Just as banking moved to an emphasis on branch locations, widespread focus on improving patient access and lowering healthcare costs is spurring the opening of outpatient facilities that can offer more convenient care at a lower cost point. Health systems across the country are aggressively expanding alternative sites, such as retail clinics, urgent care centers, stand-alone emergency departments, and other community-based access points—essentially the “branch banks” of healthcare.

Finally, just as banking saw the rise of large multi-state and national institutions that control a disproportionate share of industry assets, healthcare is seeing a growing emergence of large, regional, statewide, and, in some cases, multi-state health systems. The largest deal announced in 2016, for example, was the merger of two not-for-profit, Catholic healthcare systems: Englewood, Colo.-based Catholic Health Initiatives and San Francisco-based Dignity Health. If completed, the merger will create the nation’s largest not-for-profit health system.

From 2012 to 2016, the number of healthcare organizations targeted for partnership transactions that had a credit rating equivalent to A- or above—often indicative of significant scale—rose from one to nine, with a high of 15 in 2015 (see figure below). While these large-scale mergers still make up a relatively small portion of overall partnership transactions in healthcare, they suggest the potential rise of mega-systems that could mirror trends in banking with the evolution of JPMorgan Chase, Bank of America, and Wells Fargo.

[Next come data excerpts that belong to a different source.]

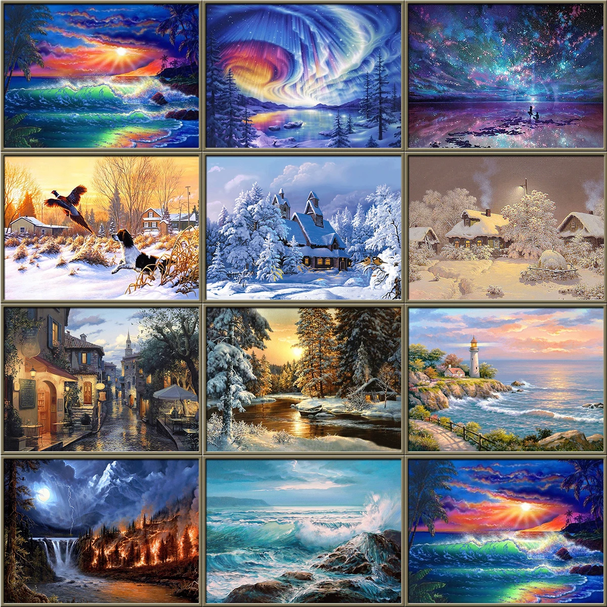Diy алмазная живопись пейзаж живопись 5d полный набор алмазной выши...
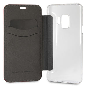 „Ferrari On Track“ dėklas – miesto kolekcija. Lengvas apsauginis dėklas su elegantiška išvaizda, kuris atsidaro kaip knyga.
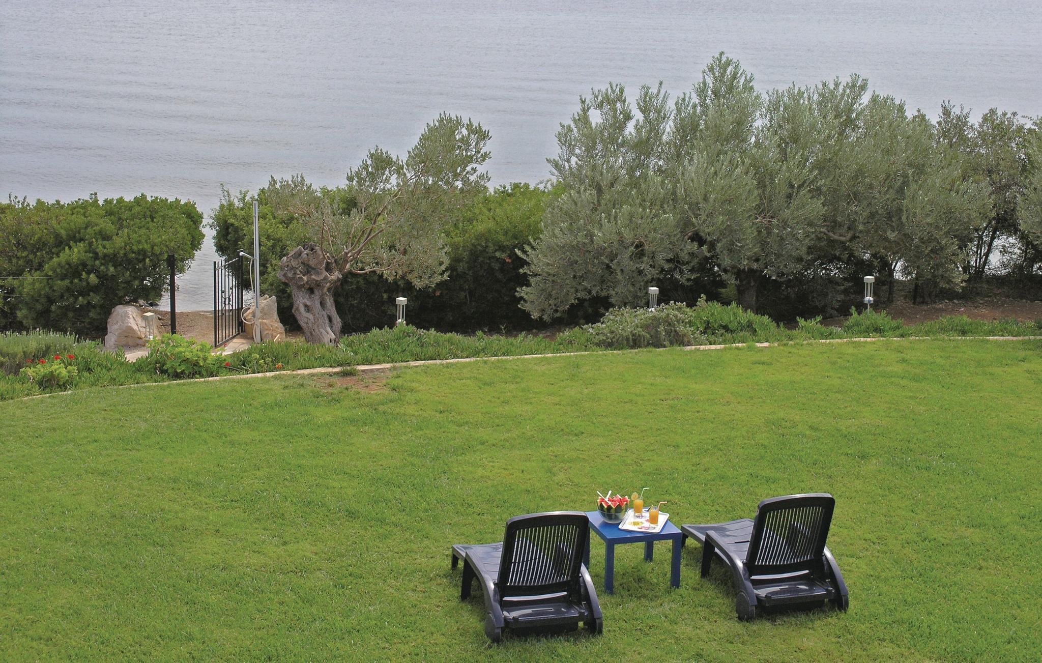 De to villaer, der huser denne samt 3 andre lejligheder, ligger lige ved havet. Villaerne er arkitektonisk smukt indrettede og byder på høj komfort. Lejligheden ligger på førstesalen med direkte adgang til egen balkon. Haven er velholdt og der er en dejlig havudsigt. Den enestående beliggenhed ved den smukke bugt byder også på privat adgang til havet. Huset er solidt og kan bruges hele året. Lejligheden har klimaanlæg (v/k). Spørg efter priserne på vinter/langtidsleje. De tre andre lejligheder er GPE108, GPE110 samt GPE111.
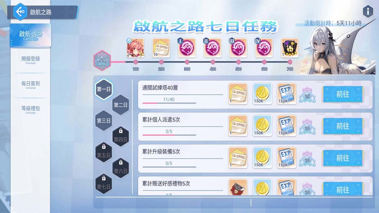 6 月 25 日開服起,社長大人在完成新手引導後,期間內開啟「啟航之路」活動介面將可查看每日與任務,達成活動指定任務後即可獲得任務點數,隨著點數累積、「啟航之路」中的獎勵將一一解鎖!包含強力 SSR 千代、高級招募券、SSR 符文……而強力光暗 SSR 自選卡,將作為本次最終大獎,正等待著完成啟航之路的社長親自領取!
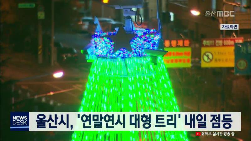 울산시가 올해를 보내고 2020년 경자년 새해를 맞이하는 '연말연시 염원 트리'를 내일(12/1)부터 남구 태화로터리에 설치합니다. 높이 20m, 지름 10m 규모의 대형 트리는 내년 2월 2일까지 매일 오후 5시 30분부터 7시간 동안 점등되며, 다양한 형태의 전등으로 시민들에게 희망 메시지를 전달할 것이라고 울산시는 설명했...
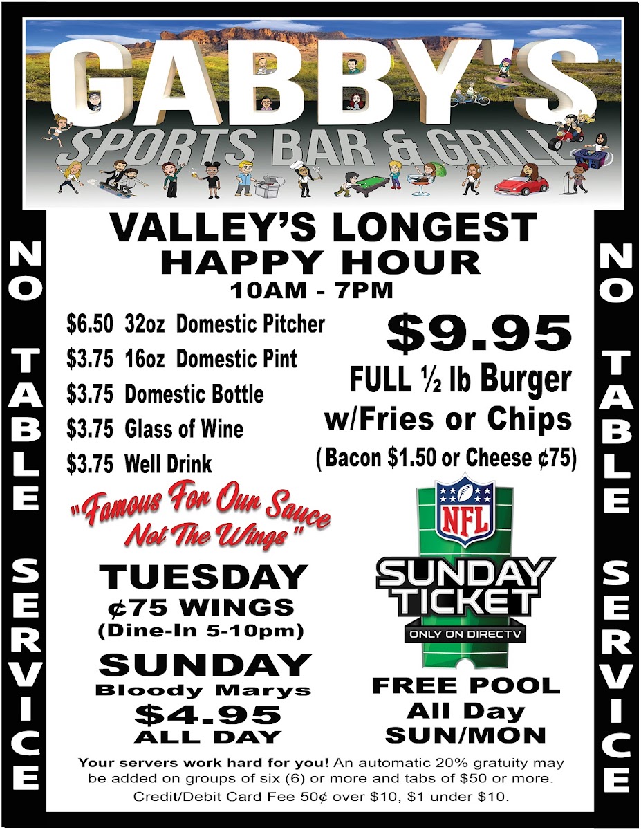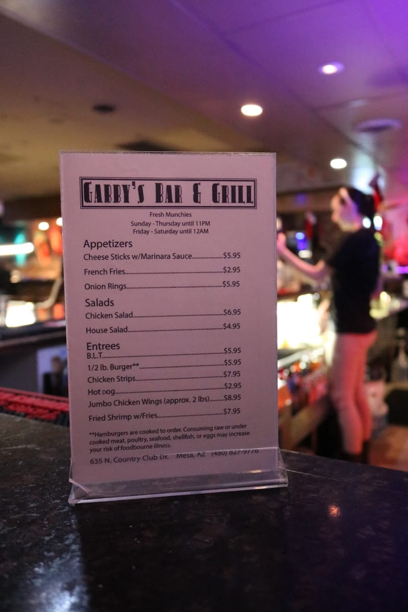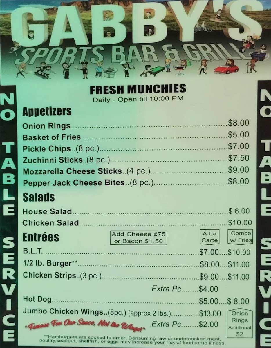 Introducing the menu at Gabby’s Sports Bar and Grill, located in Mesa, AZ, brings a delightful blend of American classics and comfort food. With a relaxed atmosphere perfect for unwinding, the menu features a variety of options that cater to all tastes. Start your meal with crispy Jumbo Chicken Wings, expertly fried and grilled, paired with their signature sauces for added zing. The homemade 1/2 lb Burger is a standout, served fresh with crispy fries, showcasing the cook's skill in classic American fare. For lighter options, indulge in the Chicken Salad or House Salad, providing a refreshing contrast to heavier dishes. A selection of savory sandwiches, including the BLT, rounds out the offerings, all crafted with quality ingredients. Gabby’s not only excels in food but also in warm service, highlighted by attentive bartenders making it a must-visit spot for both food lovers and sports fans.
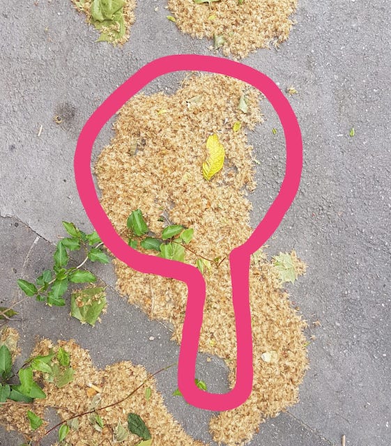 Puis on passe à la séance d’observation avec ce que j’ai glané durant mon trajet maison/ travail : du « mimi » de platane et des « déchets » en train d’être balayés par la fleuriste du coin.
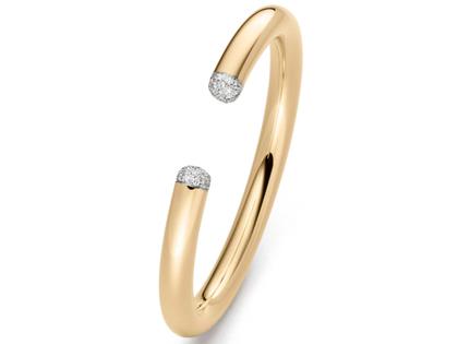 handgefertigter Armreif aus 750/- Roségold, poliert, rund, Durchmesser 7 mm, flexibel, geöffnete Armspange, 750/- Weißgold-Enden mit Brillanten 0,68ct TW vvsi Pavée ausgefasst
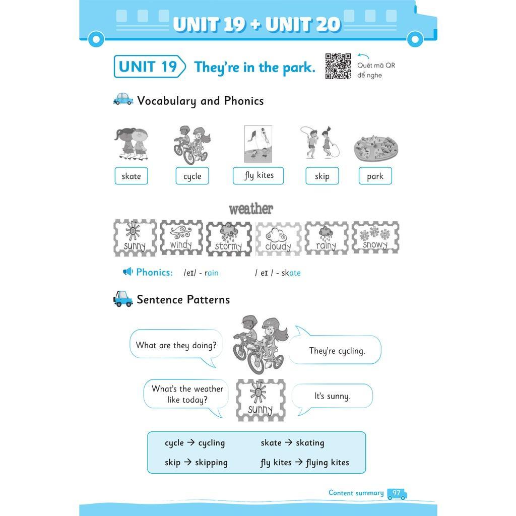 Với bộ sách bố mẹ sẽ giúp bé tiến bộ từng ngày, tự tin với khả năng ngôn ngữ của mình khi ôn luyện Tiếng Anh bởi các bài tập về 4 kỹ năng: Nghe – Nói – Đọc – Viết được liên kết với nhau theo logic của bài học.
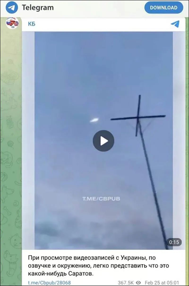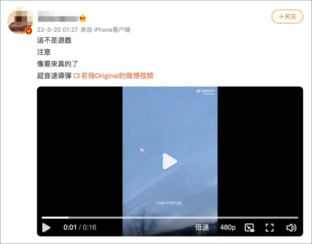 中文网络流传的被指俄罗斯高超音速导弹的视频,2月25日已经发布,早于俄罗斯3月19日宣布向乌克兰发射超高音速导弹,因此该画面不是高超音速导弹的画面。

Similarly, expanding use of virtual health services and rising competition from companies such as Teladoc, MDLive, and American Well, may ultimately transform the fundamental care delivery model as ATMs and internet banking are changing the financial services delivery model.

What’s the Endgame?

Perhaps the strongest lesson to be drawn from banking consolidation is that there is no endgame. To paraphrase Heraclitus: Change is the only known constant.

Like executives in banking and other industries, healthcare executives will face increasing forces driving ever more rapid change and new approaches to growth:

  • Economic pressures will continue to demand major changes to cost structure, which in turn drive industry consolidation
  • New technology and consumer expectations will continue to feed off of one another, creating the need for new, expensive capabilities
  • Scale will continue to bring a competitive advantage, with the definition of scale broadening over time

Hospital and health system transactions historically have involved expansion of larger organizations targeting smaller entities that were struggling financially. Trends in recent years, however, demonstrate that partnerships are a critical strategy as organizations seek to provide coordinated, cost-effective care across the continuum. Many organizations are actively pursuing strategic initiatives aimed at reducing healthcare costs, implementing new technologies and consumer-oriented capabilities, and building economies of scale—objectives that provide proven benefits and reinforce sustainability in tumultuous times.

Just as with banking, the future of healthcare is wrought with countless uncertainties, but hospital and health system leaders cannot afford to take a “wait-and-see” approach. They must work to adopt a new mindset oriented toward helping their organizations make leaps of change rather than incremental change, and continually redefining organizational scope and capabilities.